心の中で「プロ」と呼んでいたおばさんがいた。周りに水しぶきを散らさないように湯を流し、使った後はカラン周りを片付け、湯に入る時も波をたてないよう静かに入る、銭湯の所作が誰よりも綺麗な方だった。
さらには3つ並んだ砂時計を浴室で持ち歩き、あつ湯や水風呂に入る時間をチェックし、のぼせを防止するなど自己管理も一流だ。初めて見かけた時から感動し、彼女の動きを真似しながら銭湯のマナーを学んだ。
お風呂場で顔を合わせるごとに仲良くなり、半年もすると湯船に浸かりながら談笑する仲になっていたが、不思議なことに私はプロの本当の名前も、普段何をしているのかも知らない。毎日小杉湯で会えるし詮索するのも悪いと思ったのだ。

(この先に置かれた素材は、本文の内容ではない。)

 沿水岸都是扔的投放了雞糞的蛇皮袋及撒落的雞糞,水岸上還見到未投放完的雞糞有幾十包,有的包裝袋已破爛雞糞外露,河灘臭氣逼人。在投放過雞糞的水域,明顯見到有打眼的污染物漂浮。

しかしそんなある日、私はプロの意外な姿を意外な場所で目にした。毎夏高円寺で行われる阿波踊りを観覧しに行った時のことだ。最前列で団扇を振って次の連(阿波踊りのグループの呼び方)を待っていたら、なんとプロが笛を吹きながら連を引き連れてくるではないか。
う、嘘だろ!!唖然としている私に向かってプロはウィンクし、満面の笑みを浮かべながら去って行った。
祭りのあと小杉湯に来たプロから、長らく阿波踊りをやっていて自分で連を立ち上げたこと、練習後にいつも小杉湯に入りに来ていたことを教えてもらった。これだけ毎日会っていたのに、何も知らないなあ! と2人して爆笑してしまった。